Affermissez votre raison qui chante ;
Veillez sur vous comme a fait mon amour ;
On peut gronder sans être bien méchante :
Embrassez-moi, grondez à votre tour.

Vous n'êtes plus la sauvage couvée,
Assaillant l'air d'un tumulte innocent ;
Tribu sans art, au désert préservée,
Bornant vos voeux à mon zèle incessant :
L'esprit vous gagne, ô ma rêveuse école,
Quand il fermente, il étourdit l'amour.
Vous adorez le droit de la parole :
Anges, parlez, grondez à votre tour.

Je vous fis trois pour former une digue
Contre les flots qui vont vous assaillir :
L'un vigilant, l'un rêveur, l'un prodigue,
Croissez unis pour ne jamais faillir,
Mes trois échos ! l'un à l'autre, à l'oreille,
Redites-vous les cris de mon amour ;
Si l'un s'endort, que l'autre le réveille ;
Embrassez-le, grondez à votre tour !

Texte n° 8 extrait de lettre  

Venez comme un ami, n’oubliez pas que c’est vous-même qui avez tracé ce mot et qu’il double le plaisir de votre lettre. Le même titre, si vous y tenez un peu, terminera la mienne, et je me rappelle qu’il y a longtemps que j’en éprouve pour vous les sentiments.

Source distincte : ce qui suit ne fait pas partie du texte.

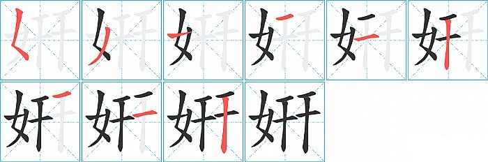 《姸》字的笔顺分步演示图(一笔一画写汉字)

Texte n°9 Les roses de Saadi                               

J'ai voulu ce matin te rapporter des roses ;
Mais j'en avais tant pris dans mes ceintures closes
Que les noeuds trop serrés n'ont pu les contenir.

Les noeuds ont éclaté. Les roses envolées
Dans le vent, à la mer s'en sont toutes allées.
Elles ont suivi l'eau pour ne plus revenir ;

La vague en a paru rouge et comme enflammée.
Ce soir, ma robe encore en est tout embaumée...
Respires-en sur moi l'odorant souvenir.

Texte n° 10 « DANS LA RUE » suite aux événements de 1834 à Lyon

LA FEMME.

Nous n’avons plus d’argent pour enterrer nos morts.
Le prêtre est là, marquant le prix des funérailles;
Et les corps étendus, troués par les mitrailles,
Attendent un linceul, une croix, un remords.

Le meurtre se fait roi. Le vainqueur siffle et passe.
Où va-t-il ? Au trésor, toucher le prix du sang.
Il en a bien versé ! mais sa main n’est pas lasse :
Elle a, sans le combattre, égorgé le passant.

Dieu l’a vu. Dieu cueillait comme des fleurs froissées
Les femmes, les enfants, qui s’envolaient aux cieux.
Les hommes... les voilà dans le sang jusqu’aux yeux.
L’air n’a pu balayer tant d’âmes courroucées.

Elles ne veulent pas quitter leurs membres morts.
Le prêtre est là, marquant le prix des funérailles ;
Et les corps étendus, troués par les mitrailles,
Attendent un linceul, une croix, un remords.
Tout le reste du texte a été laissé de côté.